Deendayal Upadhyaya, Mookerjee’s lieutenant and understudy perhaps best described the raison d’etre of Jana Sangh on the eve of the general election. The Jana Sangh, Upadhyaya pointed out, did not have a nucleus formed of “disgruntled, dissident or discredited group of Congressmen” as was the case with other political parties that were being formed. The Jana Sangh’s inspiration, “came from those who basically differed from the Congress outlook and policies.”

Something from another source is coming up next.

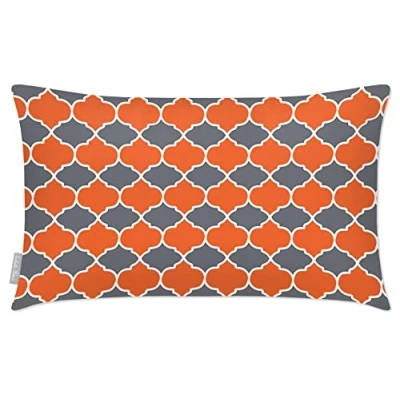 Izabela Peters Outdoor Cushions Waterproof, 50 x 30 cm, Filled Cushion, Badi Morc Orange & Grey, Garden Furniture Cushions, Seat Chair

Writing in the midst of elections in January 1952, on “Congress versus Jana Sangh”, Upadhyaya pointed out that the “dilemma before the purposeless Congress and its workers, after independence” was “to identify a task” to which they could commit themselves. He likened the Congress to a corpse which was decaying, “with parts falling off every now and then.” Out of this decaying mass, Upadhyaya caustically wrote, “have sprung up other organisms we know as different political parties, the socialists being the first.” But these parties, he argued, were created “merely for the sake of opposition” and had no “real basis of their own.” The Jana Sangh was completely different, he said: “We have to seek a fundamental basis in order to solve our problems. We have to look ahead, and not merely stand in opposition.” Jana Sangh, in Upadhyaya’s words, did “not exist merely to oppose the Congress. The task of making the country happy and prosperous [was] foremost in its view.” These were the cardinal and fundamental differences between the newly formed Jana Sangh and the other splinters of the Congress which had joined the fray of the general election.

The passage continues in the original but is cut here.